BOSTON, Nov. 12, 2020 (GLOBE NEWSWIRE) — Akouos, Inc. (Nasdaq: AKUS), a precision genetic medicine company dedicated to developing potential gene therapies for individuals living with disabling hearing loss worldwide, today reported financial results for the third quarter ended September 30, 2020 and provided updated business highlights.

“We continue to advance AK-OTOF, a gene therapy intended for the treatment of hearing loss due to mutations in the OTOF (otoferlin) gene, towards a 2021 IND filing. Today, individuals with OTOF-mediated hearing loss have no therapeutic options. Our novel gene therapy candidate has the potential to restore hearing for these individuals, who typically have no functional hearing at birth,” said Manny Simons, Ph.D., founder, president and CEO of Akouos. “Also, despite the challenging environment around us, the team is executing on our plan to establish internal manufacturing capabilities and infrastructure to support IND-enabling studies and clinical trials. Our progress towards our long-term mission, making healthy hearing available to all, is a testament to our deeply committed, experienced team and our strategic partners.”

Business and Pipeline Highlights

• 
  Appointed Sachiyo Minegishi as chief financial officer –
  In October 2020, Sachiyo Minegishi joined Akouos as chief financial officer. Ms. Minegishi has 20 years of experience in the biotechnology and pharmaceutical industry, serving in various roles at global companies, as well as in investment banking, most recently leading the gene therapy program for sickle cell disease at bluebird bio.

• 
  Promoted Jennifer Wellman to chief operating officer –
  In October 2020, Akouos announced the promotion of Jennifer Wellman to chief operating officer, from her prior role as senior vice president of regulatory and quality. Ms. Wellman brings to Akouos over 20 years of experience in adeno-associated viral (AAV) vector gene therapy research and development, and was previously co-founder and head of product development strategy at Spark Therapeutics, Inc.

• 
  Continued progress towards IND filing in 2021 to enable a Phase 1/2 clinical trial for AK-OTOF, a gene therapy intended for the treatment of hearing loss due to mutations in the
  
  
  OTOF
  
  
  gene
  
  
  –
  Through a targeted delivery of a proprietary ancestral AAV, known as AAVAnc80, containing the OTOF gene, Akouos aims to restore otoferlin expression, potentially restoring physiologic hearing and providing long-lasting benefits to individuals with OTOF-mediated hearing loss. Akouos plans to submit an IND application to the FDA in 2021 to conduct a Phase 1/2 clinical trial. The planned Phase 1/2 clinical trial consists of two parts. The first part is a dose escalation phase designed to assess the safety, tolerability and bioactivity of AK-OTOF, administered to trial participants through a single unilateral intracochlear injection. The second part is a cohort expansion phase designed to assess safety and efficacy.

• 
  Execution on build of internal manufacturing capabilities to support future research and clinical activities is on track
  
  
  –
  Akouos is leveraging its expertise in gene therapy to develop internal, scalable manufacturing capabilities to support research, including IND-enabling studies, and current Good Manufacturing Practice activities for clinical trials. The plans to internalize manufacturing will enable more influence on the manufacturing process, associated analytics, and supporting quality systems, as well as increase the ability to control timelines, costs, and intellectual property.

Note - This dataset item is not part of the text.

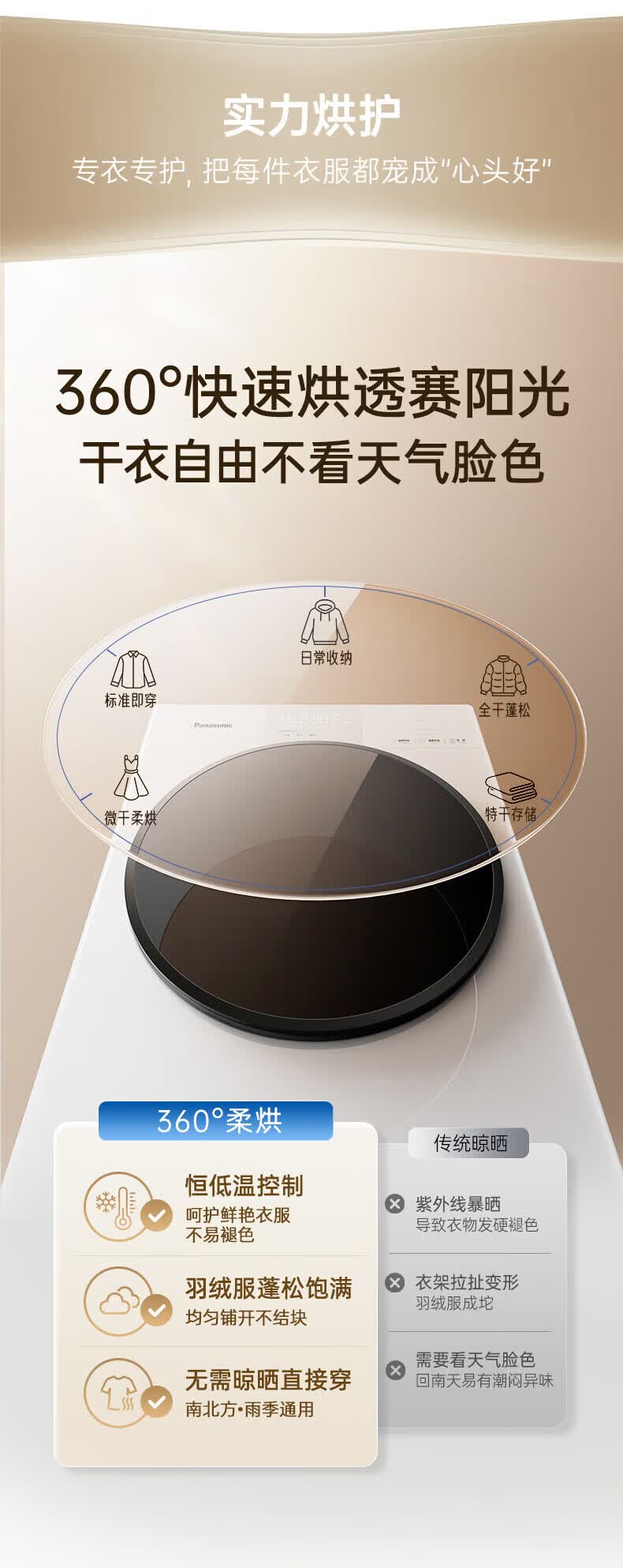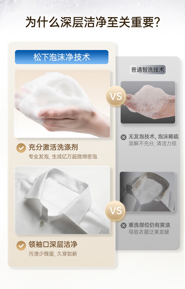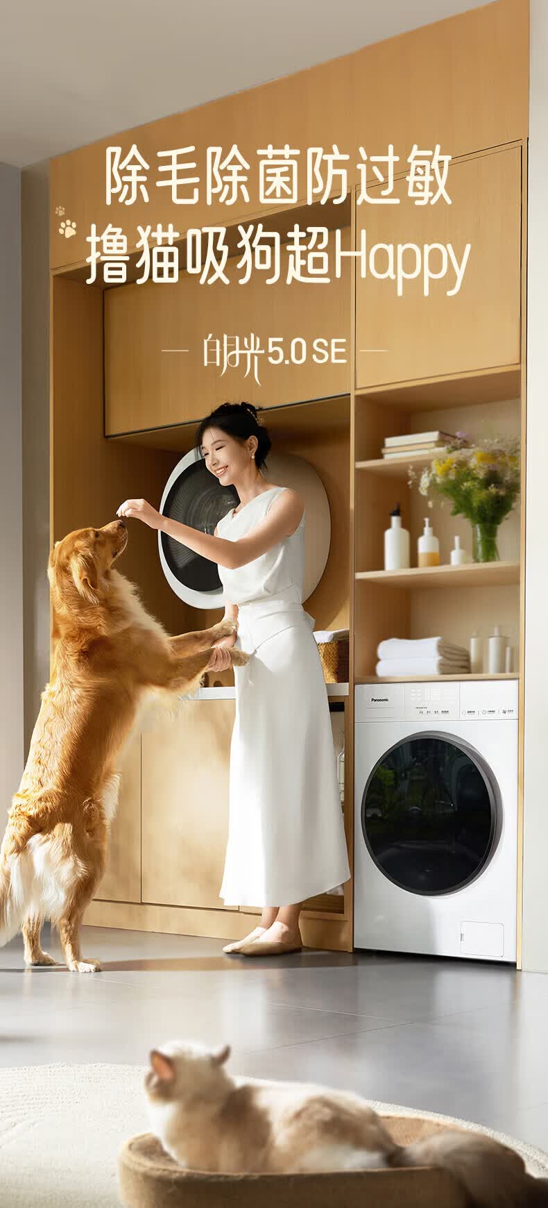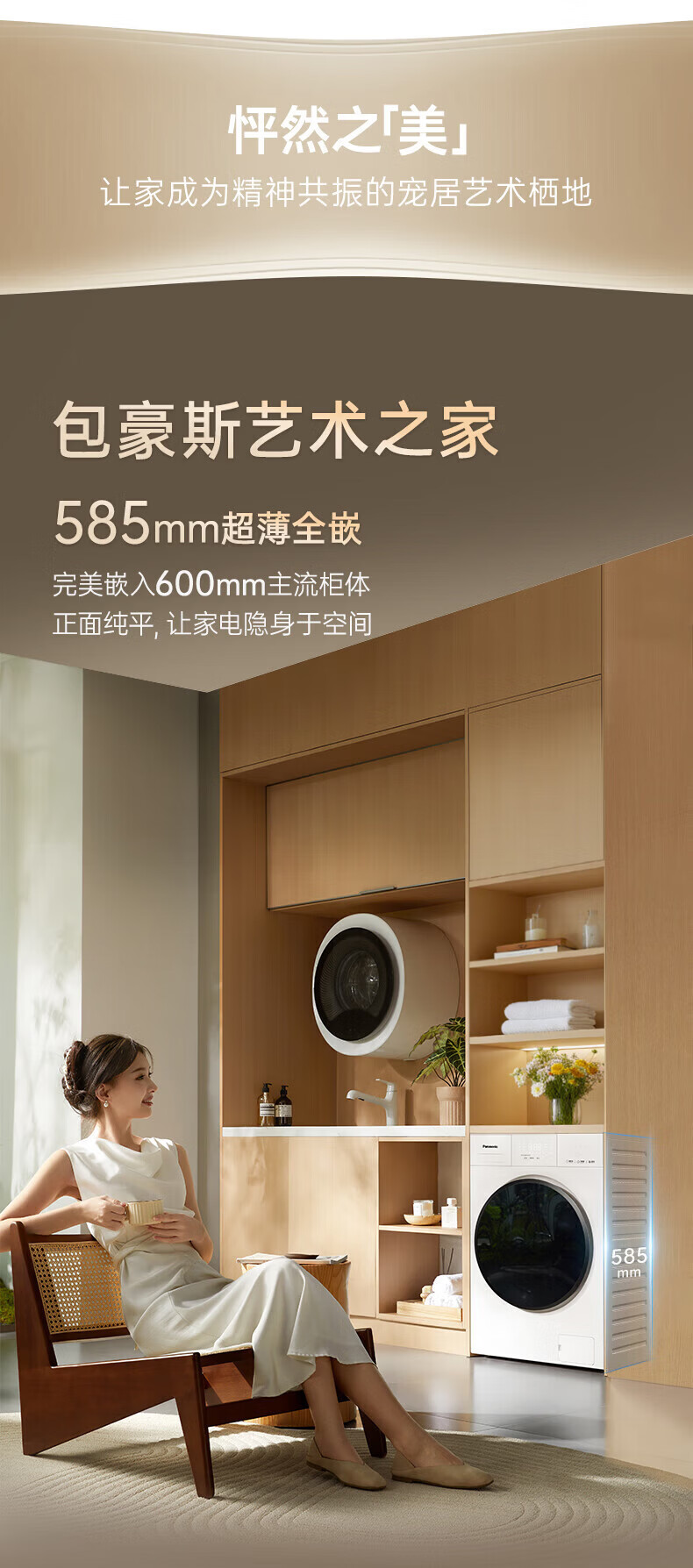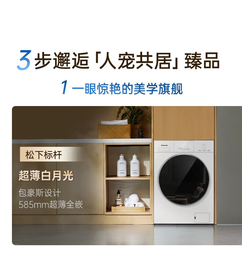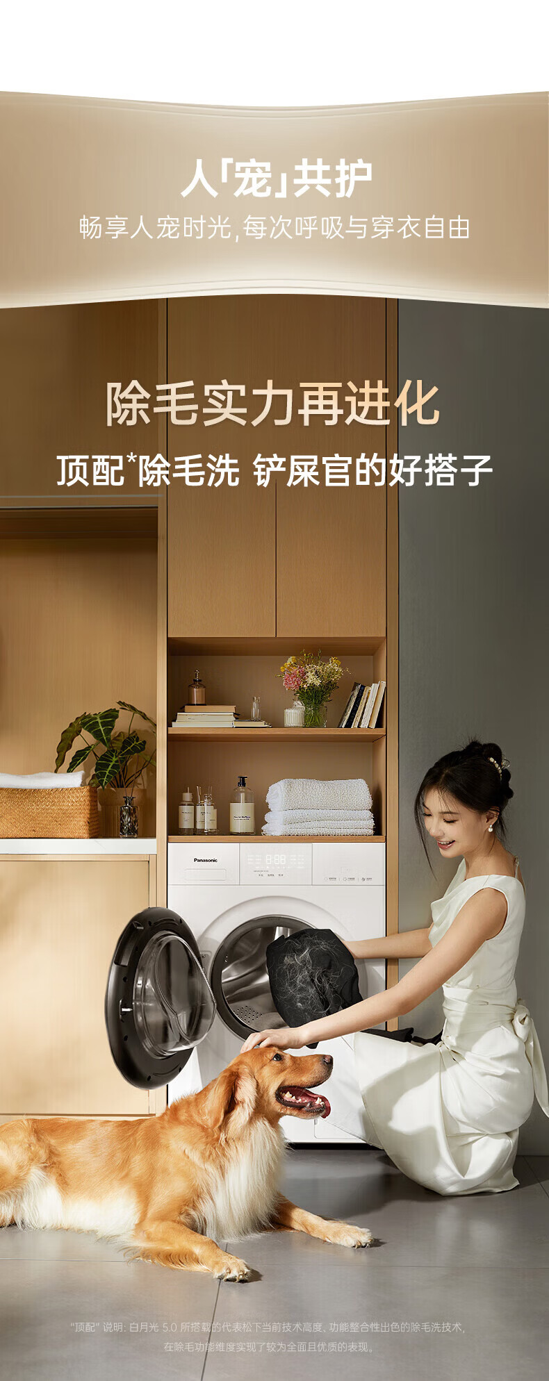 松下(Panasonic)白月光 5.0SE滚筒洗衣机10公斤大容量洗烘一体全自动超薄一级能效变频节能空气洗泡沫净高温除菌 XQG100-CD3AB 滚筒洗烘

Third Quarter 2020 Financial Results

• 
  Cash Position
  
  
  –
  Cash, cash equivalents and marketable securities were $320.1 million as of September 30, 2020, as compared to $25.1 million as of December 31, 2019. Akouos expects the cash balance to fund operations for at least the next two years.
• 
  Research and Development (R&D) Expenses
  
  
  –
  R&D expenses were $8.6 million for the third quarter ended September 30, 2020, compared to $4.4 million for the same period in 2019. The increase was primarily due to the increased efforts in preclinical IND-enabling studies for AK-OTOF and the growth in the number of R&D employees and their related activities, as well as the expense allocated to R&D related to Akouos’s leased facilities.
• 
  General and Administrative (G&A) Expenses
  
  
  –
  G&A expenses were $4.5 million for the third quarter ended September 30, 2020, compared to $0.9 million for the same period in 2019. The increase was primarily due to the growth in the number of G&A employees and other administrative expenses, as well as the expense allocated to G&A related to Akouos’s leased facilities.
• 
  Net Loss
  
  
  –
  Net loss was $13.1 million, or $0.85 loss per share, for the third quarter ended September 30, 2020, compared to $8.2 million, or $13.21 loss per share, for the same period in 2019.

About Akouos

Akouos is a precision genetic medicine company dedicated to developing gene therapies with the potential to restore, improve, and preserve high-acuity physiologic hearing for individuals living with disabling hearing loss worldwide. Leveraging its precision genetic medicine platform that incorporates a proprietary adeno-associated viral (AAV) vector library and a novel delivery approach, Akouos is focused on developing precision therapies for forms of sensorineural hearing loss. Headquartered in Boston, Akouos was founded in 2016 by leaders in the fields of neurotology, genetics, inner ear drug delivery, and AAV gene therapy.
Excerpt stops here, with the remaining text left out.